Skip to main content

Senior Technology Audit Program Manager

Category Security, Risk & Fraud Location Mountain View, California; San Diego, California; Atlanta, Georgia Job ID 2024-66622

Company Overview

樱花动漫 is the global financial technology platform that powers prosperity for the people and communities we serve. With approximately 100 million customers worldwide using products such as TurboTax, Credit Karma, QuickBooks, and Mailchimp, we believe that everyone should have the opportunity to prosper. We never stop working to find new, innovative ways to make that possible.

Job Overview

樱花动漫鈥檚 Finance team drives business growth and profitability through strategic, financial and operational leadership. Come join the Finance team as a Senior Technology Audit Program Manager聽with the Internal Audit team. Internal Audit supports the achievement of 樱花动漫鈥檚 goals through trusted partnerships, objective risk identification, and innovative audit services.

Responsibilities

As a member of 樱花动漫’s Internal Audit team, collaborate with colleagues and stakeholders to deliver operational, compliance and integrated audits with special emphasis on system implementations, cybersecurity and privacy.

 

As an individual contributor Senior Technology Audit Program Manager, you will lead technology-focused audits with focus on security and privacy, primarily supporting 樱花动漫’s products and services. You will work with the Engineering, IT, Security, Privacy and other functions of this fast-paced, rapidly changing business, and collaborate directly with key stakeholders to drive assurance and advisory audits. You are excellent at communicating vertically and horizontally across the company and will be comfortable working cross-functionally and providing technical guidance to other teams within Internal Audit.

 

Core responsibilities include:

  • Guide with the planning, scoping, and execution of audits, concentrating mainly on areas related to technology and its associated risks (e.g. cloud, cybersecurity and privacy) including reviews of new and enhanced products, supporting systems, process changes, system architecture and implementations.
  • As a technical subject matter expert, lead and guide the execution of technology audits overseeing scope, testing, analyzing and reporting test outcomes with minimal management oversight and direction.
  • Partner with Security and Privacy teams to understand the organization’s information security and privacy risk profile and leverage this information in the planning, designing tests and execution of audits.
  • Work cross-functionally with engineering and security teams, offering IT controls expertise and testing controls to ensure compliance with information security and privacy requirements.
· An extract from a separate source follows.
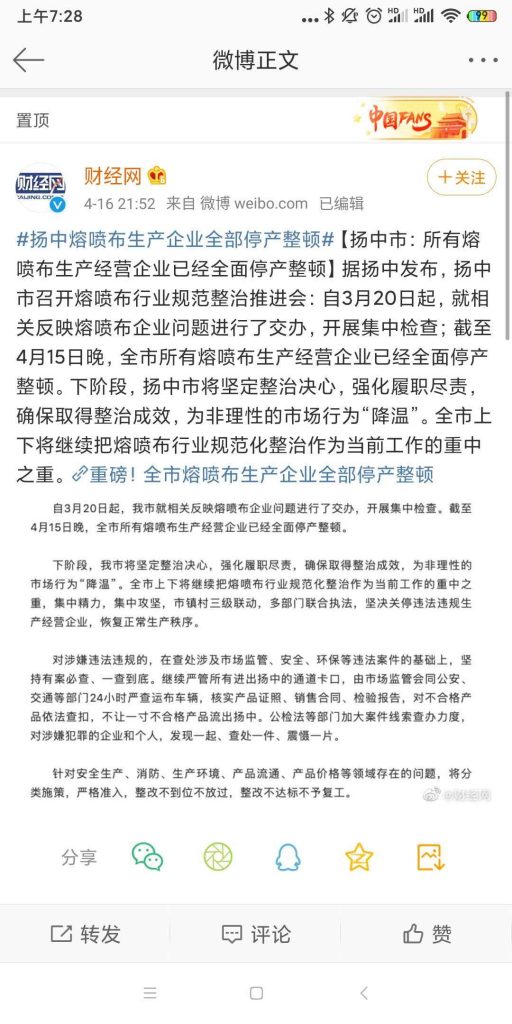 真正讓熔噴布大幅降價(jià),扭轉(zhuǎn)熔噴布地下小作坊的亂象,還是需要市場(chǎng)的力量,比如中石油、中石化等國(guó)企大廠開始大量出貨,價(jià)格降下來了,沒有了暴利誘惑,小作坊的生產(chǎn)自然停息。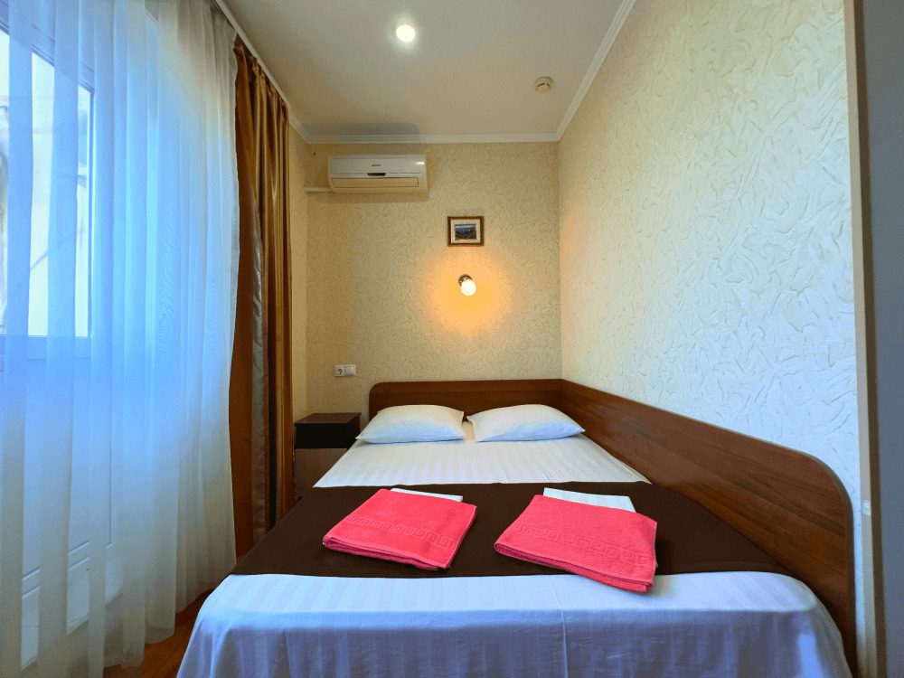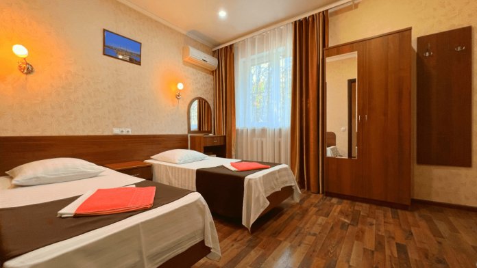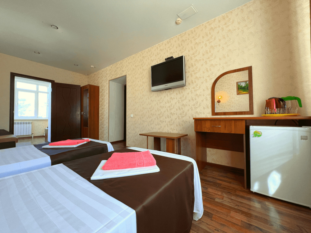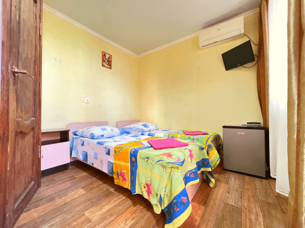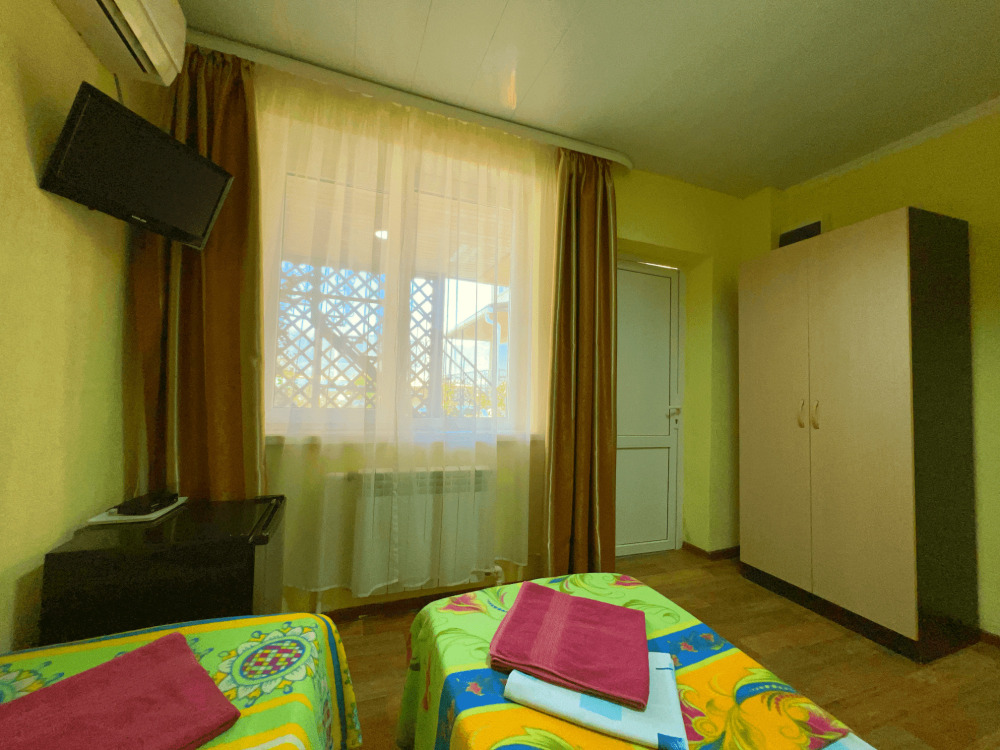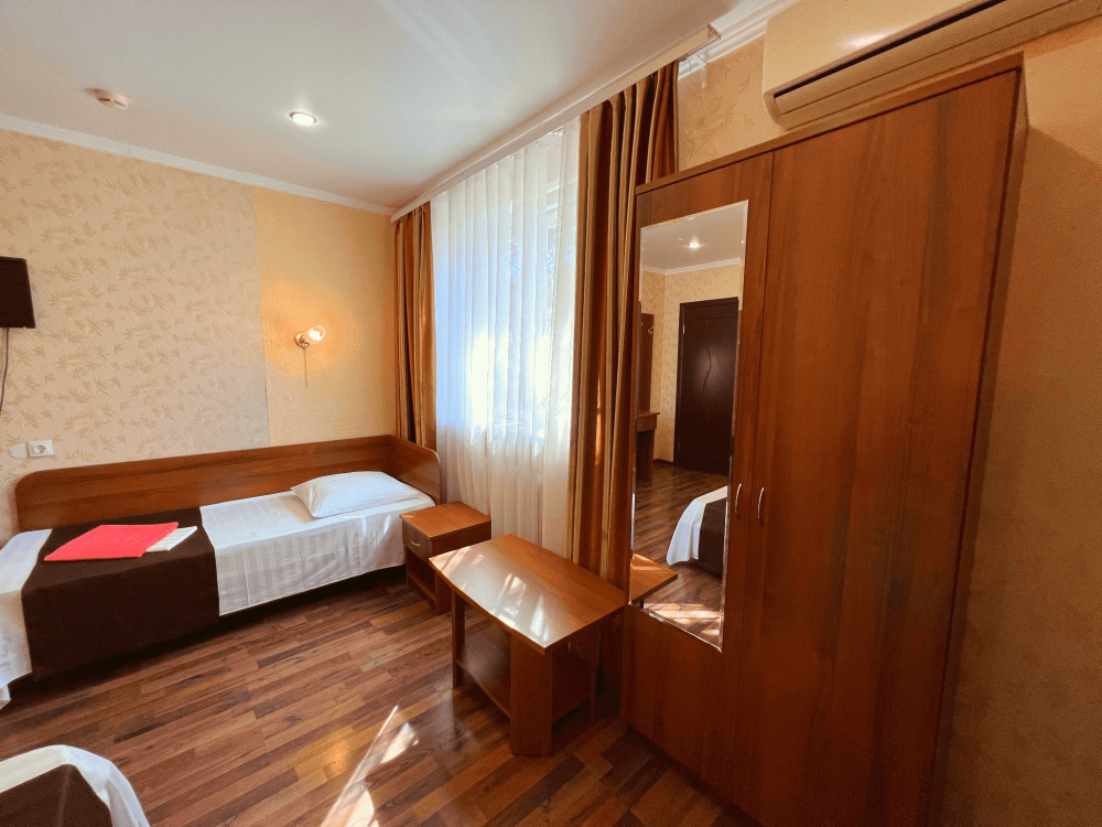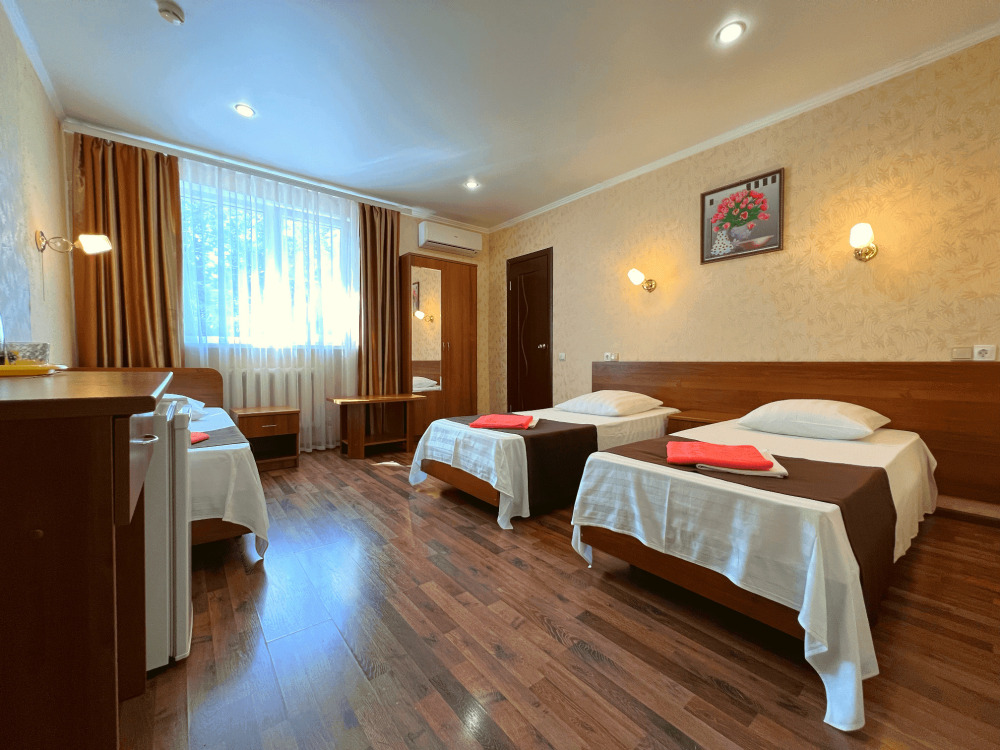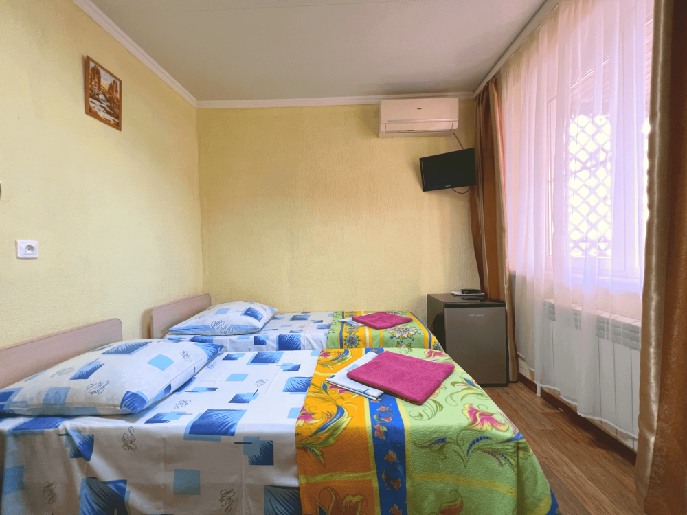 Все номера оборудованы кондиционерами, телевизорами, собственными санузлами с душем.

Understand applicable laws and regulations to provide a point of view on regulatory requirements and risks related to information security and privacy controls.
  • Work with engineering and security teams to evaluate the implications and risks of the audit findings, draw conclusions, provide remediation recommendations, and ensure the implementation of remediation plans.
  • Provide training and coaching to inscope engineering and architecture teams on an as needed basis
  • Lead the report drafting process including framing of audit observations within the relevant business context, formulation of practical recommendations that balance stakeholder needs, and development of useful insights for management.
  • Build ongoing relationships with business partners and key stakeholders across the engineering and security organizations.
  • Guide team members and Internal Audit co-sourcing partners, overseeing their tasks to ensure compliance with internal standards while fostering a cohesive and collaborative approach to audit execution.
  • Proactively devise and implement innovative strategies to continually improve the testing process and overall efficiency of the audits.

Qualifications

  • 10+ years of progressive internal audit experience in either Big 4, and/or in SaaS/Fintech industry
  • Bachelor’s or Master’s degree in Computer Science or equivalent experience
  • Strong knowledge and hands on experience in auditing platforms that are developed in the AWS cloud environment, utilizing microservices based modern techstack.
  • Experience conducting audits within a complex operational and regulatory environment.
  • Demonstrated knowledge of technology risks, including direct experience evaluating the effectiveness of cybersecurity, privacy, engineering controls and AI/ML risks.
  • Experience in creating automation for controls evaluation using scripting languages like Python.
  • AWS, ISO27001, and CISM or CISSP certifications preferred
  • Strong working knowledge of information technology best practices and control frameworks such as NIST CSF, ISO27001 and COBIT
  • Demonstrated influencing skills including the ability to explain complex topics in simple terms and inspire transformational improvement in internal controls
  • Excellent written & verbal communication and presentation skills.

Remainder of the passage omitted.